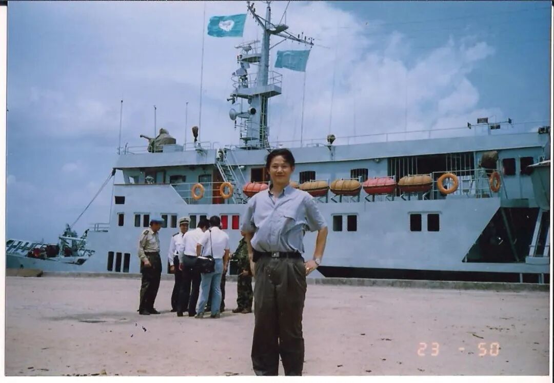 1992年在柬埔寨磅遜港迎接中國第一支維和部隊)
______
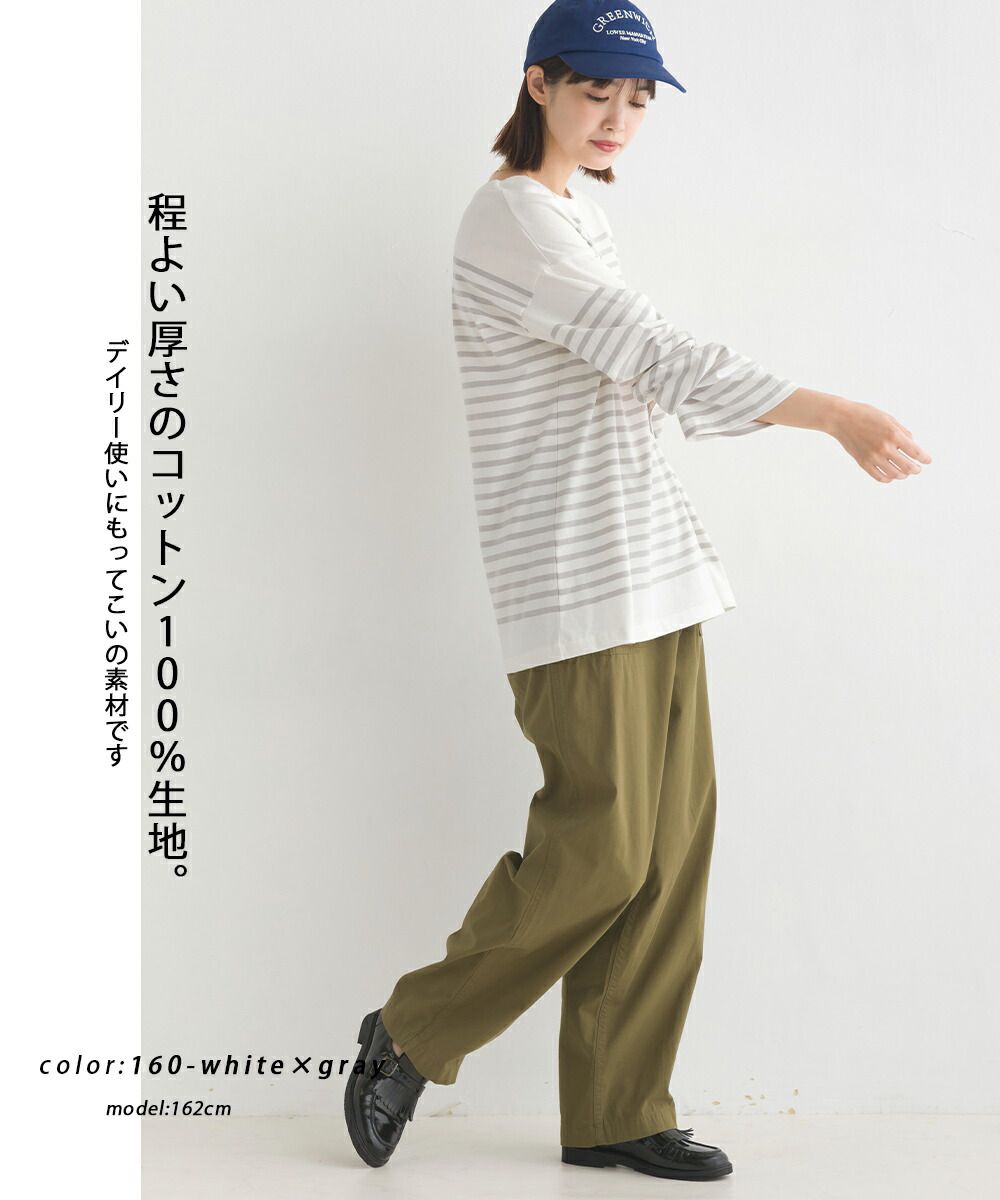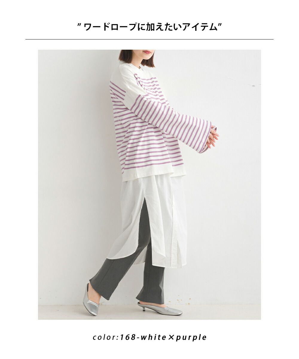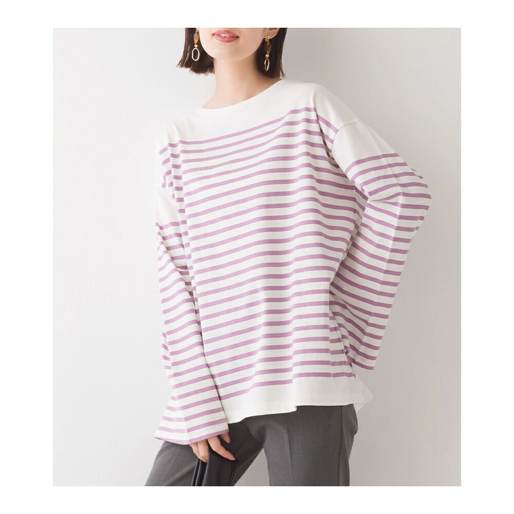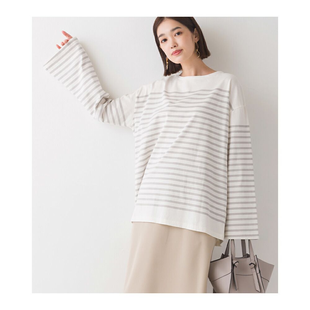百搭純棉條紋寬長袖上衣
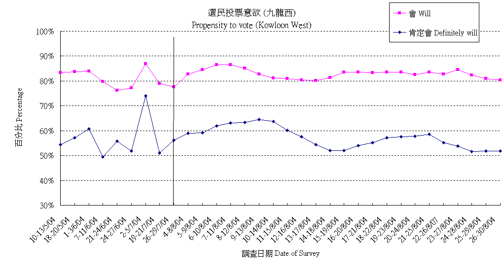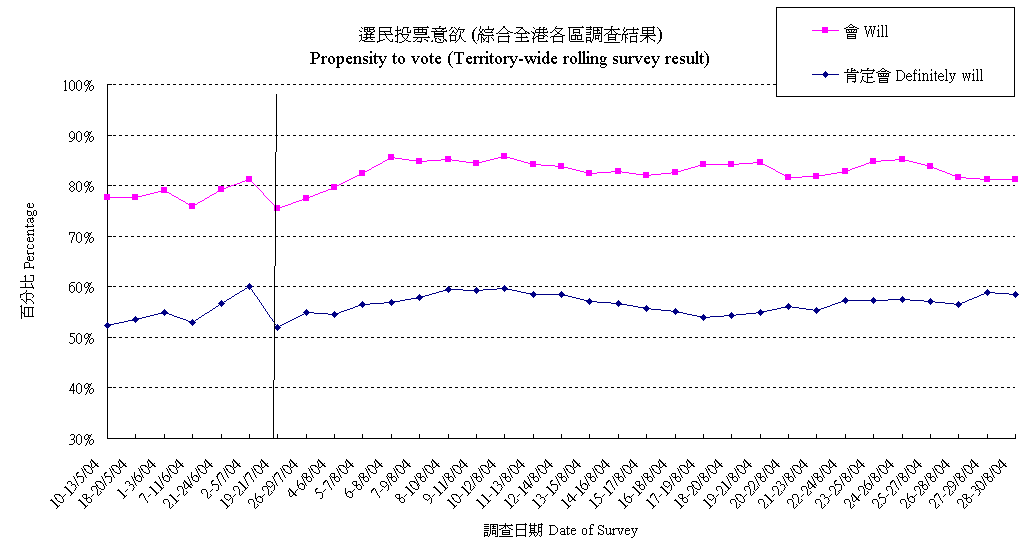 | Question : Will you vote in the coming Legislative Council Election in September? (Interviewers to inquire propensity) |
______
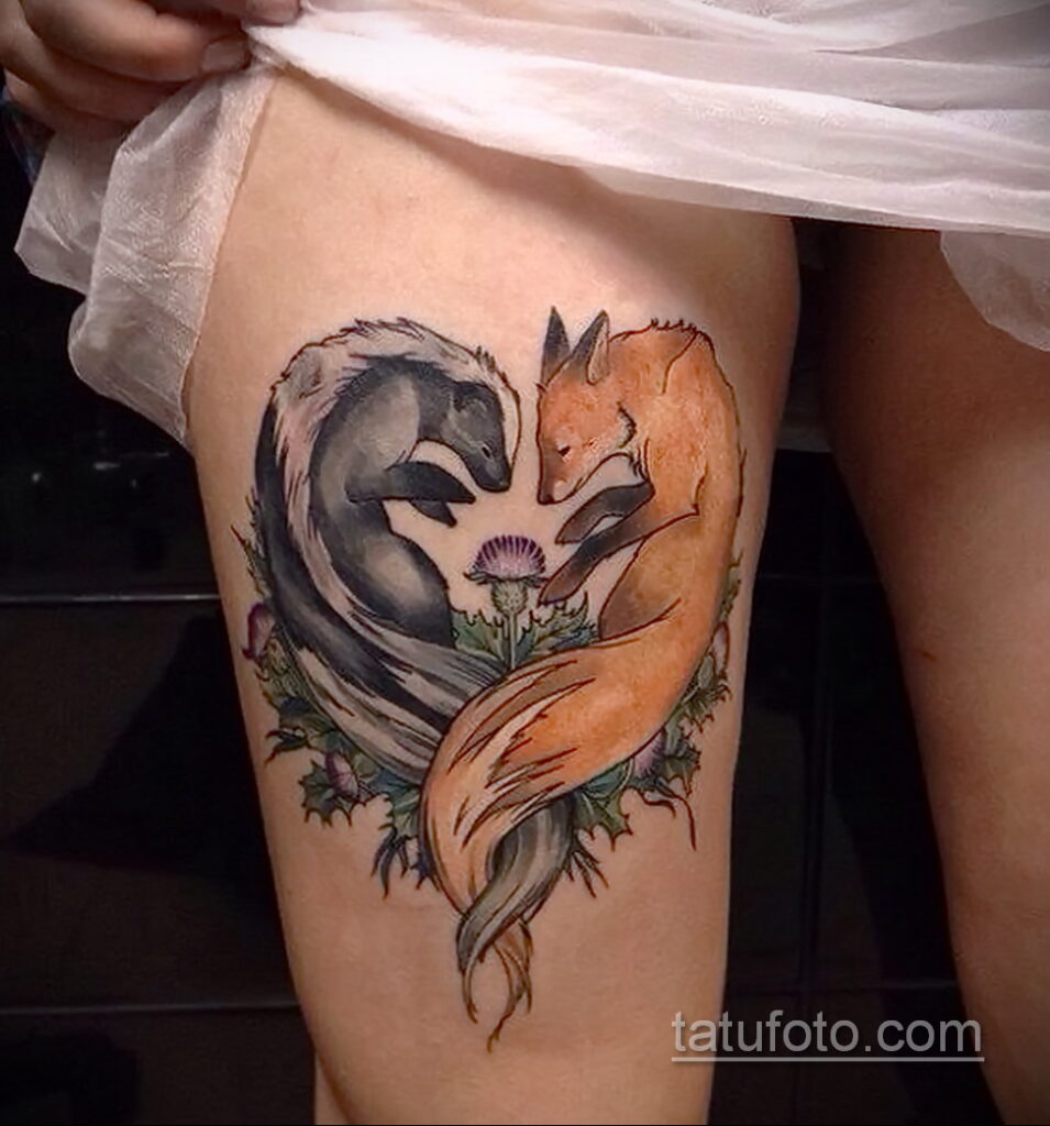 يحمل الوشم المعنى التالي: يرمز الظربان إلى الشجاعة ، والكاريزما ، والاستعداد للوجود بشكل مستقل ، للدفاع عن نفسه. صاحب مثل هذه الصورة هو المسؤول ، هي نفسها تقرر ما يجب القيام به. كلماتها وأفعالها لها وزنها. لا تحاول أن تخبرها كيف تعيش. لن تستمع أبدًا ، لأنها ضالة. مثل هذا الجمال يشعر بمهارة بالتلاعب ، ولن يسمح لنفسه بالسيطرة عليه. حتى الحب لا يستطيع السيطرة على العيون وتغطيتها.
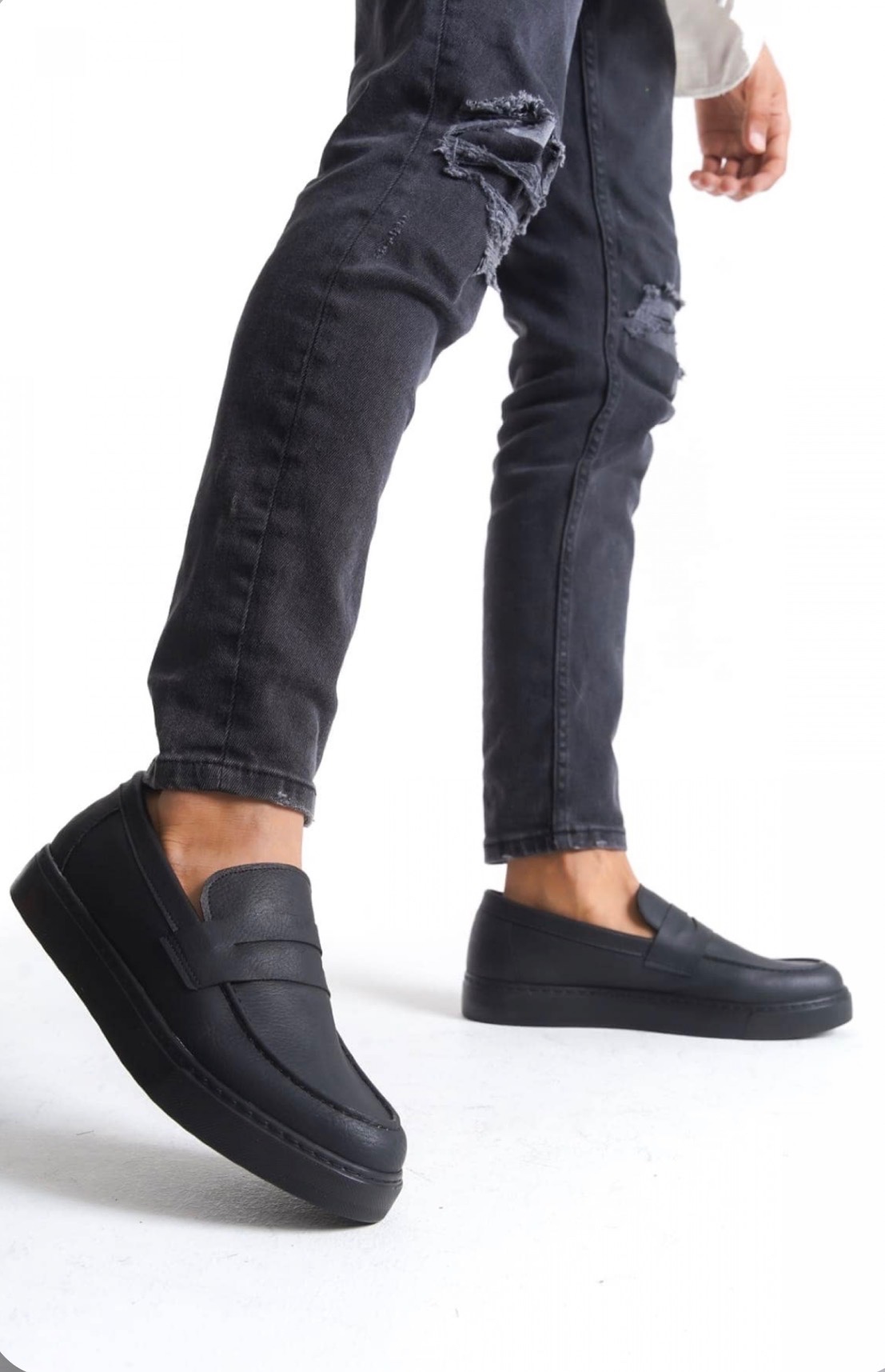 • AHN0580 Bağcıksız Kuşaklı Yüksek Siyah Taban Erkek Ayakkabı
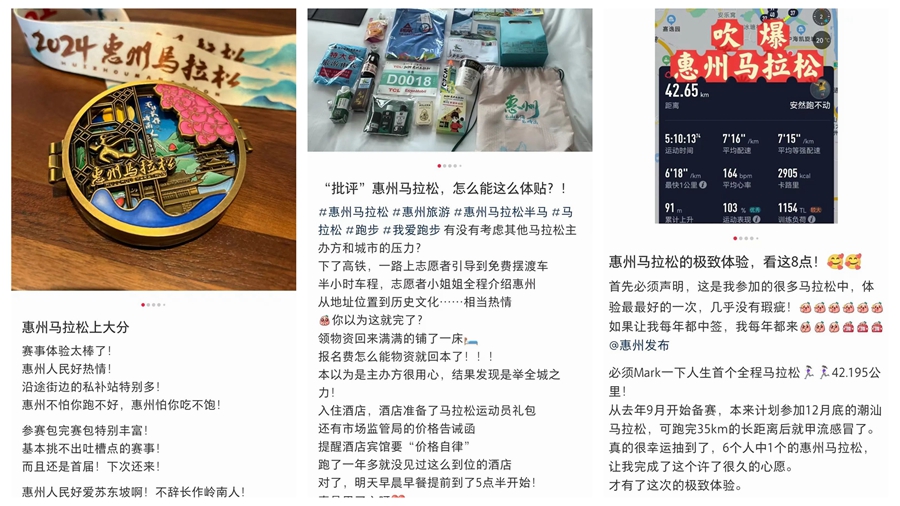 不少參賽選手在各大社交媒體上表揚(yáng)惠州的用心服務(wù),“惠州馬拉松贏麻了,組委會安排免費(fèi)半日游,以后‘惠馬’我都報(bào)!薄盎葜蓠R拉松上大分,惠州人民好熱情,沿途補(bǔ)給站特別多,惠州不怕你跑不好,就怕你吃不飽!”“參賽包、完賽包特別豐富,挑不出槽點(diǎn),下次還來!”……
______
▸ WHAT IS EXPECTED
When you reach the line that has "يحمل الوشم المعنى" in the data above, start repeating lines exactly, and stop after the line that has "不少參賽選手在各大社交媒體上"; pictures stay out.

▸ YOUR SOLUTION
 يحمل الوشم المعنى التالي: يرمز الظربان إلى الشجاعة ، والكاريزما ، والاستعداد للوجود بشكل مستقل ، للدفاع عن نفسه. صاحب مثل هذه الصورة هو المسؤول ، هي نفسها تقرر ما يجب القيام به. كلماتها وأفعالها لها وزنها. لا تحاول أن تخبرها كيف تعيش. لن تستمع أبدًا ، لأنها ضالة. مثل هذا الجمال يشعر بمهارة بالتلاعب ، ولن يسمح لنفسه بالسيطرة عليه. حتى الحب لا يستطيع السيطرة على العيون وتغطيتها.
 • AHN0580 Bağcıksız Kuşaklı Yüksek Siyah Taban Erkek Ayakkabı
 不少參賽選手在各大社交媒體上表揚(yáng)惠州的用心服務(wù),“惠州馬拉松贏麻了,組委會安排免費(fèi)半日游,以后‘惠馬’我都報(bào)!薄盎葜蓠R拉松上大分,惠州人民好熱情,沿途補(bǔ)給站特別多,惠州不怕你跑不好,就怕你吃不飽!”“參賽包、完賽包特別豐富,挑不出槽點(diǎn),下次還來!”……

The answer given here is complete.